__DESCRIPTION OF THE TASK__: The copy must hold every line from the one with "Rif:(124758873) - ***CONSEGNA" through the end of the listing, word for word, and must hold no pictures.

__STORED DATA__:
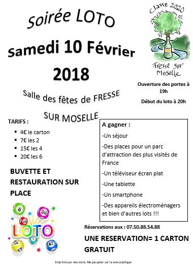 Samedi 10 février Loto à la salle des fêtes de Fresse sur Moselle proposé par la classe 2020. Ouverture des portes à 19h pour début des jeux à 20h. Réservations au 07 50 88 54 88, donnant droit à un carton gratuit. Tarifs : 4 Euros le carton, 7 Euros les 2, 15 Euros les 4, 20 Euros les 6. Nombreux lots à gagner dont un séjour, des places en parc d’attraction, une TV, une tablette, un smartphone, des appareils électroménagers.
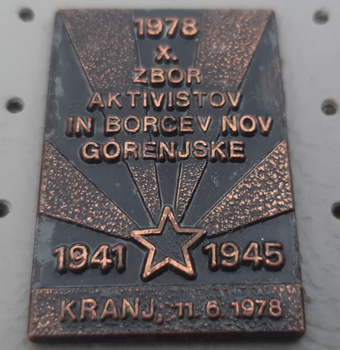 Značka NOB 10. Zbor aktivistov in borcev Gorenjske Kranj 11.6.1978
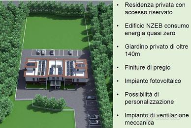 Rif:(124758873) - ***CONSEGNA PRIMAVERA 2027 ***Ti proponiamo in esclusiva di vendita ed in anteprima questa villetta a schiera all'interno di una nuova e prestigiosa costruzione in fase di imminente avvio per la realizzazione complessiva di 8 appartamenti in villetta a schiera frutto di un progetto innovativo, sostenibile e green. La costruzione realizzata interamente con materiali di altissima qualità e tecniche di ultima generazione renderà ciascuna abitazione unica nel suo genere potendo prevedere in fase di prenotazione importanti personalizzazioni quali ad esempio la scelta della tipologia di riscaldamento: aria/aria o a pavimento fino alla realizzazione del secondo bagno o terzo bagno. Gli appartamenti saranno tutti in classe A e con emissioni quasi zero (NZEB-No Gas) Le singole unità disporranno tutte del proprio giardino privato ed esclusivo oltre al posto auto ed a un ulteriore verde scoperto esclusivo all'interno del complesso residenziale. Possibilità di acquistare un ulteriore posto auto all'interno del complesso residenziale. - Classe: A4 - IPE: 175.00 kWh/mq anno
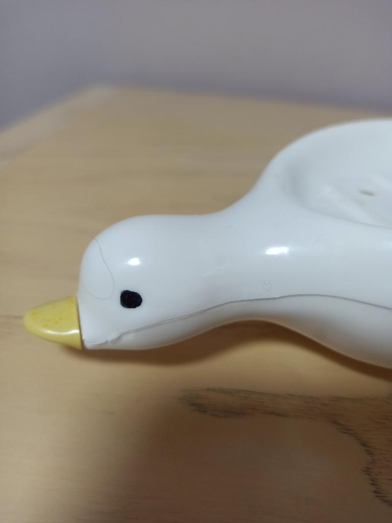 kaczka na mydło trochę za mało wygięta szyja w dół i woda nie chce spływać, dopiero jak ją przekrzywię mocno, ale wtedy mydło będzie zjeżdżać - na filmiku test, a poza tym jest nieszczelna na boku głowy i leje się bokiem, choć żeby leciała woda dziubkiem tak jak powinna, to dziurka odpływowa powinna być niżej, zawsze można rozgrzać igłę i zrobić dziurkę we właściwym miejscu, pod spodem dziubka, wtedy woda powinna spływać.

__YOUR SOLUTION__:
 Rif:(124758873) - ***CONSEGNA PRIMAVERA 2027 ***Ti proponiamo in esclusiva di vendita ed in anteprima questa villetta a schiera all'interno di una nuova e prestigiosa costruzione in fase di imminente avvio per la realizzazione complessiva di 8 appartamenti in villetta a schiera frutto di un progetto innovativo, sostenibile e green. La costruzione realizzata interamente con materiali di altissima qualità e tecniche di ultima generazione renderà ciascuna abitazione unica nel suo genere potendo prevedere in fase di prenotazione importanti personalizzazioni quali ad esempio la scelta della tipologia di riscaldamento: aria/aria o a pavimento fino alla realizzazione del secondo bagno o terzo bagno. Gli appartamenti saranno tutti in classe A e con emissioni quasi zero (NZEB-No Gas) Le singole unità disporranno tutte del proprio giardino privato ed esclusivo oltre al posto auto ed a un ulteriore verde scoperto esclusivo all'interno del complesso residenziale. Possibilità di acquistare un ulteriore posto auto all'interno del complesso residenziale. - Classe: A4 - IPE: 175.00 kWh/mq anno
 kaczka na mydło trochę za mało wygięta szyja w dół i woda nie chce spływać, dopiero jak ją przekrzywię mocno, ale wtedy mydło będzie zjeżdżać - na filmiku test, a poza tym jest nieszczelna na boku głowy i leje się bokiem, choć żeby leciała woda dziubkiem tak jak powinna, to dziurka odpływowa powinna być niżej, zawsze można rozgrzać igłę i zrobić dziurkę we właściwym miejscu, pod spodem dziubka, wtedy woda powinna spływać.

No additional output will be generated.